Впрочем, долго обижаться на подругу Бася не могла. На Веру Самсонову вообще обижаться было нельзя. Веру Самсонову можно было только жалеть. Жалеть при встрече ("Не переживай, Верунчик"), жалеть по телефону ("Всё перемелется, Верка"), жалеть за глаза ("Как Верке опять не повезло") и, привыкнув к этой жалости, жалеть, просто думая о ней.
Верка была несчастна. То есть конкретно сейчас она была счастлива, но так же она была счастлива и раньше, встречаясь со своими предыдущими парнями. Проблемы начинались потом.
Началось всё (то есть всё, о чём Бася знала) с Валентина — Веркиного школьного товарища. Что у неё с ним было в школе, она не рассказывала, так что скорее всего, не было ничего. Зато пару лет назад он снова появился в её жизни — она могла говорить о нём часами и только объективные причины, вроде необходимости забрать плащ из химчистки или Никиту из детского сада, могли оправдать в Веркиных глазах дезертирство собеседницы. Но...

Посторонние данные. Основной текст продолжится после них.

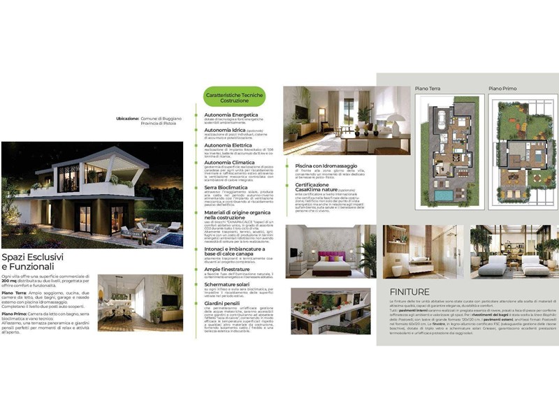 Le ville infatti sono dotate di pannelli fotovoltaici, sistemi di ventilazione meccanica controllata, strutture antisismiche e tecnologie avanzate per il risparmio energetico, per unabitazione davvero allavanguardia.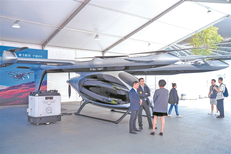 4月14日,记者了解到,第五届中国国际消费品博览会1号馆低空经济展区内,由峰飞航空科技有限公司带来的2吨级eVTOL航空器首次亮相消博会。据了解,作为本届消博会主会场单品体积最大展品,该航空器采用纯电动力,搭载宁德时代动力电池。和航空器一起亮相的“宁德智造”还有宁德时代自主研发的储充检一体机器人“CharGo充电狗”,该产品不仅能为新能源汽车提供快捷、安全的移动充电,还能为低空飞行器、机器人等领域提供智能化充电服务。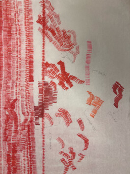 La superficie orgánica del papel de arroz hace que la tinta penetre en sus fibras y los trazos resulten más “despeinados” producto de la absorción del tejido del papel.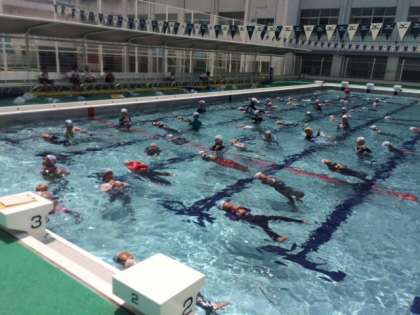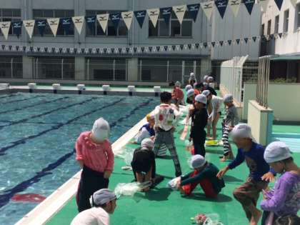 今日は今学期の水泳学習の最終日です。そこで、衣服を着たままプールに入る学習をしました。子どもたちは、衣服を付けた状態で水の中に入ったら、どうなるのかを体験しました。

Валька отнюдь не отличался галантностью. Он не открывал перед своей барышней дверей, не подавал ей руки, когда она выходила из автобуса и что ещё хуже — постоянно шлёпал её пониже спины, когда они шли по улице. Все Веркины попытки его цивилизовать наталкивались сначала на полное безразличие, потом на глухое непонимание и, наконец, на неприкрытую агрессию. Закончилось всё тем, что он сообщил Верке, что "нашёл себе другую, без твоих бзиков в голове" — и хлопнул за собой дверью.
Брошенная женщина рыдала, рвала на себе волосы (выкрашенные тёмно-рыжей краской), порывалась бежать (звонить, высылать электропочту) за Валькой и не желала слушать никаких Басиных доводов о том, что надо ставить достоинство женщины выше сиюминутных порывов. Наконец подруга успокоилась, порвала в клочки и спустила в канализацию все Валькины фотографии (про те, что были на CD, она попросту забыла), замазала его телефон в записной книжке чёрной тушью и перекрасила волосы в чёрный цвет.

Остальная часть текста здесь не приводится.